American Academy of Dental Sleep Medicine
Thursday, May 30, 2013

(Darien, Ill.) May 30, 2013 – More than 1,000 dentists and exhibitors from around the world gather today at the Baltimore Hilton Hotel for the 22nd Annual Meeting of the American Academy of Dental Sleep Medicine (AADSM).  During the meeting, discussions are focused on advancements in oral appliance therapy (OAT), which is a treatment for obstructive sleep apnea (OSA) that uses a device custom-fit by a dentist to maintain an open, unobstructed airway.

“Dental sleep medicine is growing by leaps and bounds,” said B. Gail Demko, DMD, president of the AADSM.  “It’s an exciting time for dentists and sleep physicians. Every day our understanding of the benefits of oral appliance therapy is increasing and we are finding new ways to work together to help sufferers not only manage but thrive in the face of obstructive sleep apnea.”

Noteworthy Clinical Research Profiled

The Annual Meeting is an opportunity for dentists from across the globe to share ground-breaking research on dental sleep medicine. This year’s highlighted research abstracts include an innovative tooth microphone proposed for OAT compliance monitoring, a study suggesting the predictive nature of successful OAT treatment on invasive surgery options and updates on the first international OAT database – a tool that will provide unprecedented access to long-term, global data on OAT.
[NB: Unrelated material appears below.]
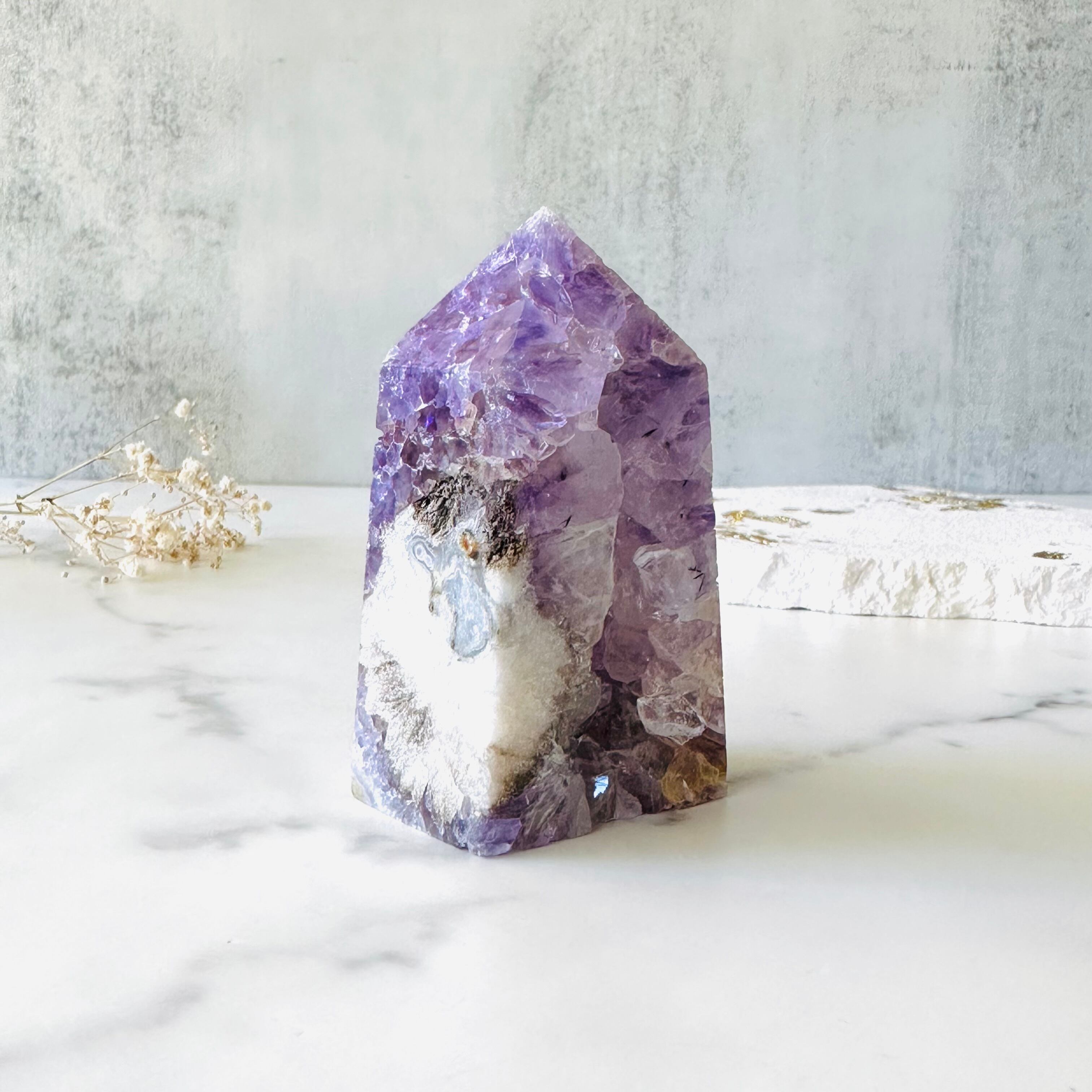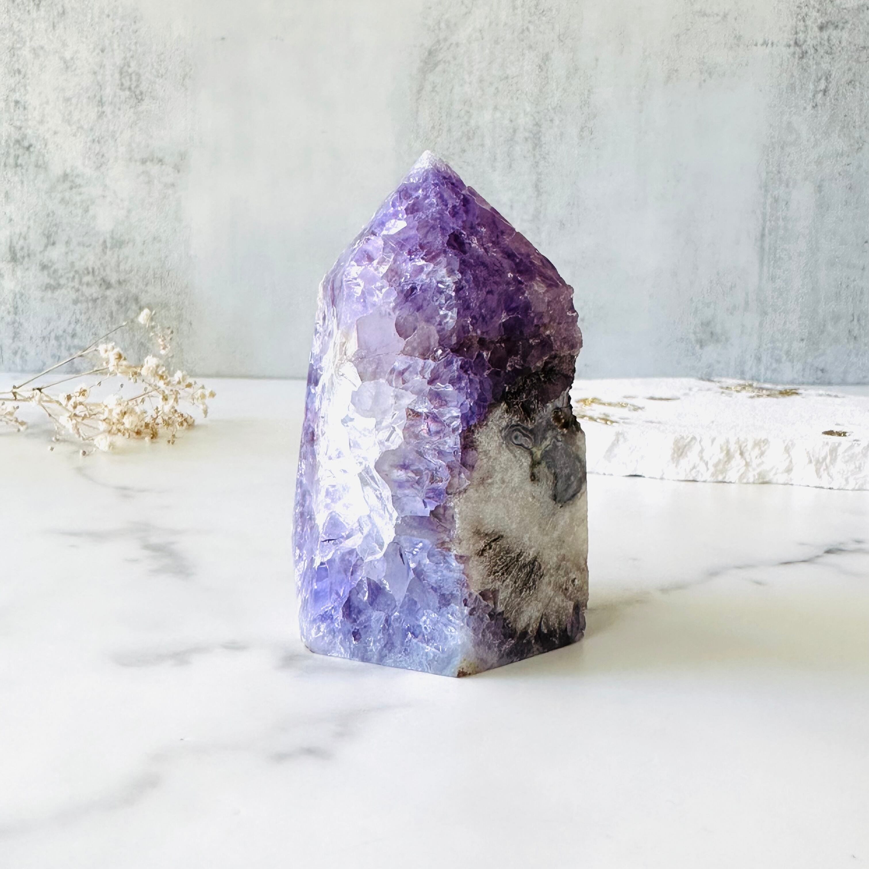 きれいな紫色でザクザク結晶が魅力のアメジストアゲートタワー。
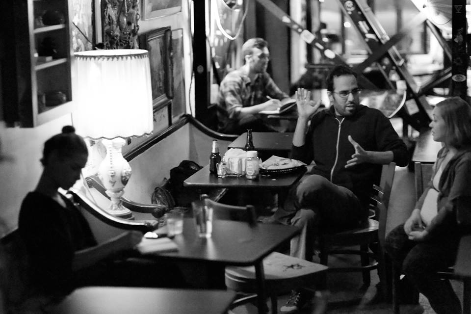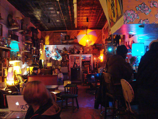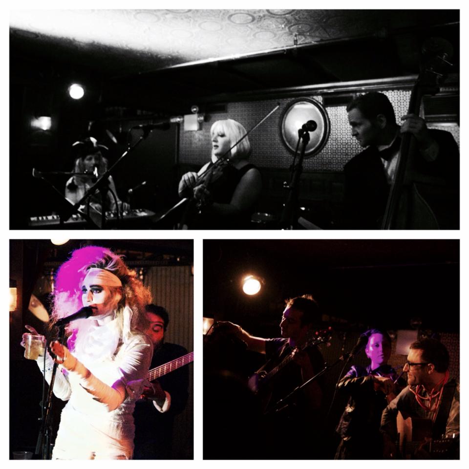 The first time I saw Mary-Elaine Jenkins walk on stage I almost balked. TRS was at Goodbye Blue Monday to see Matt Frye. His set had ended, and I was starving. I ordered a cheap beer and a cheap burger. Intrepid photog, Andreea, and I shot the shit with Mr. Frye and his wife Rivka. Andreea snapped my favorite pic of me. It is a testament to her ability that she makes me and a junk store/bar look like a couple of class acts. Believe me, GBM is no swanky joint, and I am not that well put together.

Specific research findings from the Annual Meeting, as well as clinical research award winners, include:

  • Recording Breath Sounds with a Novel Tooth Microphone
    Sophisticated Tooth Microphones Could Soon Monitor OAT Compliance
    Currently, there are no electronic systems attachable to oral appliances that can monitor daily patient usage and effectiveness. Research funded by a National Institute of Deafness and Communication Disorders (NIDCD) grant developed and tested a highly sensitive intra-oral audio sensor (tooth microphone). Combined with pattern-recognition software and attached to an OAT, this tooth microphone functioned as the “front-end” of a system that could monitor sleep apnea treatment through audio recording of night-time respiratory sounds. The researchers concluded that a tooth microphone system has therapeutic, diagnostic and commercial potential.
     
  • Oral Appliance Therapy Predictive of Successful MMA Surgery
    Oral Appliances Could Help Determine Success for Corrective Surgery
    Clinical Research Award Winner: Boris Petelle, MD
    Maxillomandibular advancement (MMA) surgery is a corrective option for OSA sufferers, but its success rate varies among patients. A recent Paris-based study followed 65 consecutive patients undergoing MMA surgery and showed a positive correlation between apnea-hypopnea index (AHI) under OA therapy and post-operative AHI, leading researchers to conclude that oral appliance therapy is highly predictive of the outcome a patient can expect from MMA surgery.
     
  • Framework of a Multicenter Database on Oral Appliance Effectiveness
    Global Database for Unprecedented, Long-term OAT Research
    Clinical Research Award Winner: Fernanda Almeida, DDS, PhD
    Academic researchers from 14 centers in nine countries have assembled ORANGE (Oral Appliance Network on Global Effectiveness), a network focused on oral appliance therapy outcomes. The primary aim of ORANGE is to evaluate the long-term effectiveness of OAT in OSA patients in a “real world” fashion, without the common inclusion/exclusion criteria from rigorous randomized controlled trials. ORANGE will be an international multicenter patient registry with unique research opportunities in the exploration of the global effectiveness of OAT for patients with OSA. 
     
  • Link Between Obstructive Sleep Apnea and First Onset TMD
    New Correlations between OSA and Other Jaw/Joint Disorders
    Clinical Research Excellence Award Winner: Gregory Essick, DDS, PhD
    Temporomandibular disorder (TMD) is a musculoskeletal disorder characterized by persistent pain in the temporomandibular joint, periauricular region and muscles of the head and neck. Evidence suggests that TMD is associated with obstructive sleep apnea (OSA), but whether OSA predicts development of TMD is unknown. Research conducted over two years by Greg Essick, AADSM Research Committee Chair, found that the rate of first-onset TMD was 77 percent higher in a sampling of individuals classified as high risk for OSA. The research ultimately suggests elevated risk for OSA could be associated with an increased rate of developing first-onset TMD.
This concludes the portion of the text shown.